Критическое отношение Кузмина к наследию романтизма, в том числе романтизма автобиографического, который обнаружил себя в описаниях юношеской поездки в Ревель в письмах к Юше Чичерину, не отменяет трагического содержания повести «Две Ревекки». В ней, как и в ряде других текстов поэта, появляется сколь важный, столь и навязчивый мотив утопления — «смерти от воды».

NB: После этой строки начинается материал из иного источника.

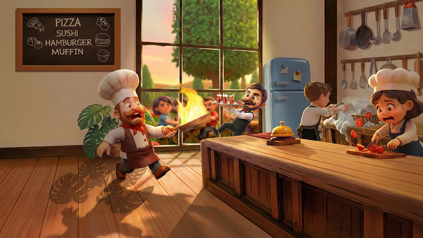 • Or team up with friends in Online Multiplayer: one player plays as Chef, and the other as Waiter (each role should be played by at least one player), coordinating to prep, cook, plate, and serve.
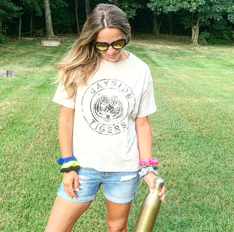 If you follow me on Facebook or Instagram, you’ve most likely seen my desperate posts about our venue owner stealing A LOT of money from us and closing down the venue 5 weeks before our wedding. Re-planning a wedding that you’ve spent over 15 months planning, in only 5 weeks is NOT easy. So, all I can think about is how easy life was when we were kids. I decided to bring a little nostalgia back this week, in hopes of reliving a time that was stress and anxiety-free. I can’t say it fixed my problems, but wearing this Bayside Tigers tee and some scrunchies really made me feel on top of the world like Kelly Kapowski.

Все зрелое творчество М. Кузмина, от повести (романа) «Крылья» (1905, публ. 1906) до вершинного поэтического сборника «Форель разбивает лед» (1929), пронизано многочисленными эпизодами утоплений (как, впрочем, и кораблекрушений, которые в наше обозрение не включены, за одним исключением). Как в прозаических, драматических, так и в поэтических сочинениях мотив гибели в воде встречается у Кузмина неоднократно, то представляясь отголоском из реальной жизни — чудесного спасения от стихии или ужасной смерти в воде, то выступая своего рода провозвестником жуткого ухода или,
по крайней мере, такой возможности для человека из ближнего круга друзей, из числа знакомых или же современников поэта.
Повесть «Две Ревекки» в описанном отношении не исключение: в ней, кажется, впервые в современной прозе Кузмина появляются женщины-утопленницы — утопившаяся «в норвежской реке» и канувшая по своей воле в воды Невы. До этого момента в его письмах и сочинениях нам известны лишь считаные случаи фиксации гибели или спасения тонувших особ женского пола.
Такова реальная история спасшейся девушки из частного письма двадцатилетнего Кузмина к другу его молодости, будущему советскому наркому иностранных дел Г. В.